You will be more likely to eat healthily and consume those foods which are high in water, fiber, and nutrients (read fruits and vegetables) which will keep you fuller longer.
You will be eating much less in general. Take control of your food intake further by pre planning your meals.
HERE- You will be in complete control of the number of calories and the amounts of fat and sodium you are consuming daily this way.
8- Eat More Foods Which Are Rich in Fiber And Protein
As mentioned earlier, fiber is a filling nutrient. If you eat lots of high fiber foods, you will end up eating much less every day.
This will help you lose weight in your thighs (and in your entire body.) The same thing is right, with high protein foods.
Protein is necessary for building up and keeping muscle mass. And guess what?
You end up burning more calories and fat in general if you have lots of muscle mass in your body!
Try to eat about 25-35 grams of fiber and 75-100 grams of protein every day with the foods you eat.
Good examples of foods which are rich in protein and fibers are fruits, whole grains and rice, vegetables, and all types of lean meat.
9- Do Thigh Exercises
While this may sound strange, doing thigh exercises will tone your thighs by building up valuable muscle mass.
It will also flush out toxins, excess water, and other unnecessary substances (including extra calories) form your body.
Your thighs will look and be leaner and more toned.

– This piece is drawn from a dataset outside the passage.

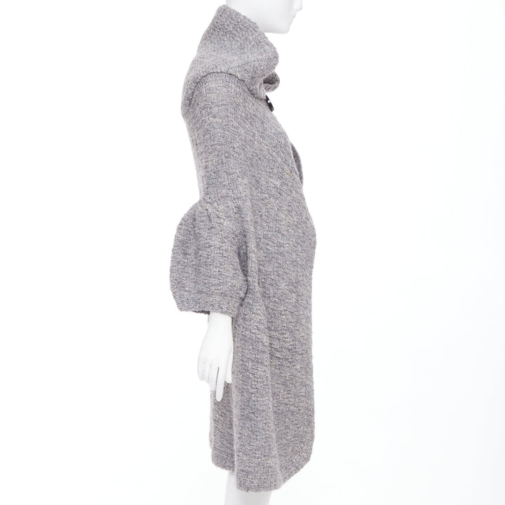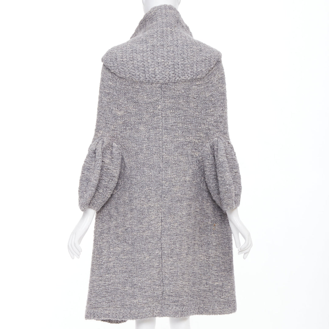 STELLA MCCARTNEY 2009 grey alpaca flax blend chunky knit hooded cardigan IT36 XXS

Good thigh exercises to do are curtsy lunges, sumo squats, and goblet squats because these focus on working out and toning your inner and outer thighs by building up muscle mass.
You can make lateral lunges, and band leg side raises to work out your hamstrings which are a must if you want to lose thigh fat and make your thighs look and seem very toned.
Do each set of exercises at least 12 times and repeat the 3-4 times a day.
In an ideal world, you would be doing 30-40 minutes of thigh exercises daily to ensure that your thighs become and stay toned and that you lose that excess body fat quickly.
Now That You Know
It’s not hard to lose that extra thigh fat. All you need is some discipline and lifestyle/diet changes. With these changes, you will have toned thighs in no time!